New study discovers how Parkinson’s-linked protein attacks mitochondria

A team of scientists at the University of Buffalo, US, have demonstrated how the protein alpha-synuclein can damage a cell’s mitochondria, leading to the progression of Parkinson’s disease. According to the team, the results could be of interest for the development of drugs against the disease.

Alpha-synuclein is a soluble, natively unfolded cytosolic protein that becomes structured when bound to phospholipids. Although the protein lacks a true mitochondrial localisation sequence, previous studies suggest that alpha-synuclein contains a cryptic mitochondrial targeting sequence that can facilitate anchoring alpha-synuclein to mitochondrial membranes. 

The findings come from experiments in which fruit fly larvae were genetically engineered to produce unusually high amounts of alpha-synuclein. “When fruit fly larvae expressed alpha-synuclein at elevated levels similar to what is seen in Parkinson’s disease, many of the mitochondria we observed became unhealthy and many became fragmented,” explained researcher Shermali Gunawardena.

The team also made a pivotal finding that challenges previous understandings of Parkinson’s disease. “Through detailed experiments, we also showed that different parts of the alpha-synuclein protein seem to be responsible for these two problems and that fragmented mitochondria can actually be healthy. This is a key finding, because before, people thought fragmented mitochondria were unhealthy mitochondria,” Gunawardena said.

Through tests in fruit fly larvae, the scientists were able to tease out intricate details regarding interactions between alpha-synuclein and mitochondria.

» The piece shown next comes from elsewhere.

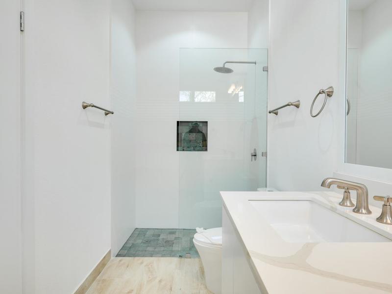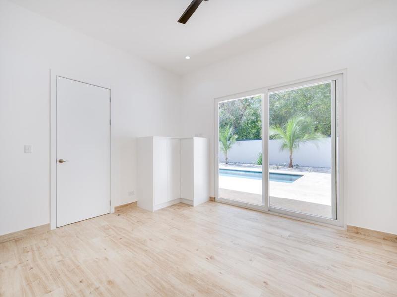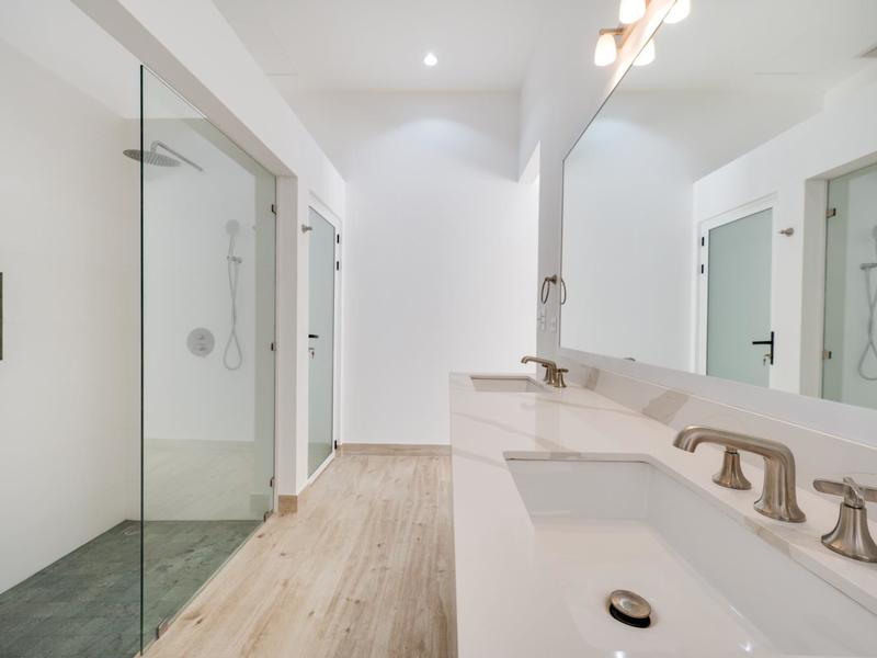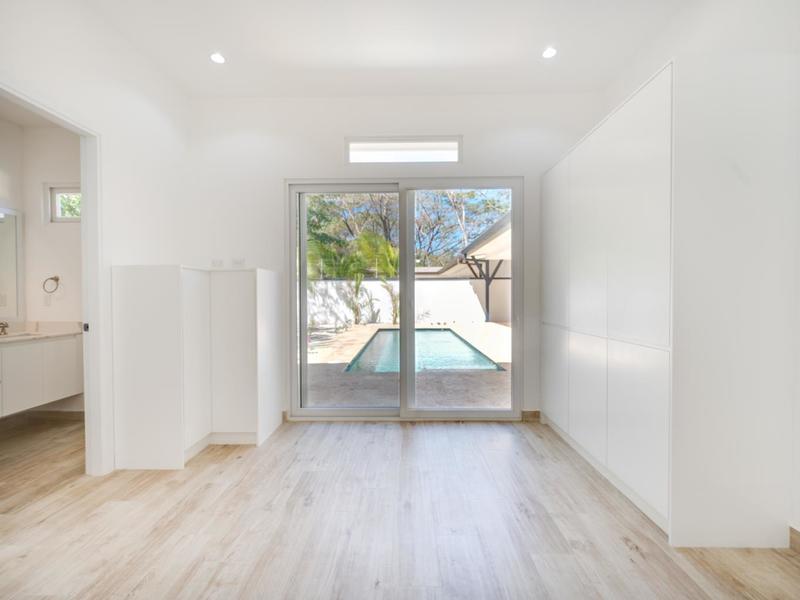 The master bedroom is complete with walk-in closet, double vanity, and direct access to pool and outdoor living area. There is a second full on-suite bedroom / bathroom and two additional bedrooms that share a full bath.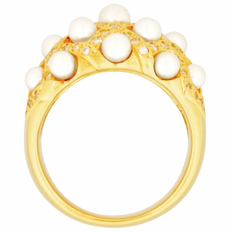 3. リング 指輪 ダイヤモンド 0.63ct 約14号 K18YG 11.8g ベビーパール 3.4~4mm珠 レディース【中古】

They found that different sections of the alpha-synuclein protein are likely responsible for causing mitochondrial fragmentation and damaging mitochondrial health.

The research also identified these sections and describes how other proteins may interact with them to drive these changes. More specifically, the proteins PINK1 and Parkin may interact with one end of alpha-synuclein to influence mitochondrial health, while a protein called DRP1 may interact with the other end to break mitochondria, the researchers said.

“This research showcases the advantage of using fruit fly larvae as a model organism to study how neurons become damaged during devastating diseases such as Parkinson’s disease,” added co-first author TJ Krzystek. “Through this approach, we pieced together a new understanding for how the Parkinson’s disease-related protein alpha-synuclein disrupts the health and movement of mitochondria, the epicentre for energy production in cells. We believe this work emphasises a promising path that can be explored for potential therapeutics aimed at improving mitochondrial health in Parkinson’s disease patients.”

The findings were published in Cell Death and Disease.